Many faces, many voices

Producing Healthy Local Food:
Emerging Farmers and Ethnic Communities in Massachusetts


Speaker: Frank Mangan, UMass Extension

"Immigrants are excited to see foods they haven’t seen in years, and there’s also a population that’s always interested in trying new foods . . . "


Facts at a Glance

  • The UMass Extension Vegetable Team provides immigrant populations with information on growing and marketing crops traditional to their regions.

  • The team has helped farmers in Massachusetts add over 10 new crops that are popular among Latinos, Brazilians and Asians.

  • Farmers’ sales have reached over $2,000,000.

Links

Cultural understanding, skilled marketing, and scientific research on agricultural practices have helped commercial farmers successfully grow and distribute crops traditional to Massachusetts’s immigrant populations. The history of the collaborative team behind this successful project began with a phone call from a Spanish-speaking farmer to the University of Massachusetts Extension office. Because he speaks Spanish, the call found its way to Frank Mangan.

The farmer telephoned UMass Extension looking for a soil test and information on soil fertility; he was having trouble growing ají dulce, a pepper common in Puerto Rican cooking. Mangan, Extension Associate Professor, says he was curious. “We can grow other peppers — I wondered why this one would have trouble.” Mangan visited the farm, and the trouble, it turned out, was that the farmer was direct seeding.  Peppers have to be started early in Massachusetts because the growing season is much shorter than in tropical climates.

Ají dulce wasn’t the only new plant Mangan encountered that day. His subsequent work to develop the agricultural practices and infrastructure to produce, market, and distribute foods from immigrant communities was a result of his visit to the farm that day. Mangan, his assistants, and students began with research on agricultural practices for production of these tropical vegetables and herbs.

The support the UMass team offers now extends truly from farm to table. The process begins with the research on markets that determines which crops to grow and in what quantities, and agricultural research determines practices for successful production. The collaborative provides established and new farmers with this marketing and agricultural information, and the Nutrition Education Team creates and distributes informational materials on nutrition and recipes. “Each of these components is important,” says Mangan.

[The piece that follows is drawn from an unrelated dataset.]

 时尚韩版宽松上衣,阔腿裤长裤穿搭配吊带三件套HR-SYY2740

The collaborative’s work has grown from technical assistance to marketing and distribution support. “It all really took off when Maria Moreira joined the team,” says Mangan. Agricultural marketing specialist Moreira is herself an immigrant farmer, originally from Portugal’s Azores islands. With the team’s help, farmers in Massachusetts have added over 10 new crops that are popular among Latinos, Brazilians and Asians, and sales have reached over $2,000,000.

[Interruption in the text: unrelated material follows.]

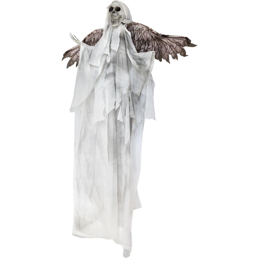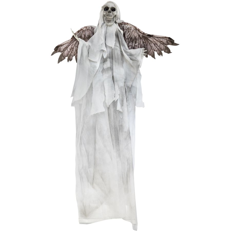 Amenez une touche de mystère à votre décor d'Halloween avec notre Ange Squelette Démoniaque Animé à Suspendre ! Mesurant 1,80 m de haut, cet effrayant personnage à suspendre est un vrai spectacle pour les yeux curieux. Équipé d'yeux rouges LED lumineux et d'ailes mobiles, il transporte votre maison dans l'ambiance d'Halloween avec ses effets sonores terrifiants de cris et rires effrayants, activés par le son et le mouvement.

The UMass team has been expanding markets on several fronts. From Brazilian, Puerto Rican, and Southeast Asian crops, the team is now working with communities and foods from other regions, including Central America. These crops, nutritional information, and recipes will be available at several farmers’ markets in target communities of the Boston and Holyoke Collaboratives for Food and Fitness in 2008. The team not only works to expand the market for these specialty crops within immigrant communities, they also are reaching out to other markets.

“There’s great market potential for these crops,” says Mangan. “Immigrants are excited to see foods they haven’t seen in years, and there’s also a population that’s always interested in trying new foods.” With the agricultural and marketing assistance provided by his team, they are poised to grow these markets, support the success and growth of Massachusetts’s farmers, and put more healthy food on tables in Massachusetts and beyond.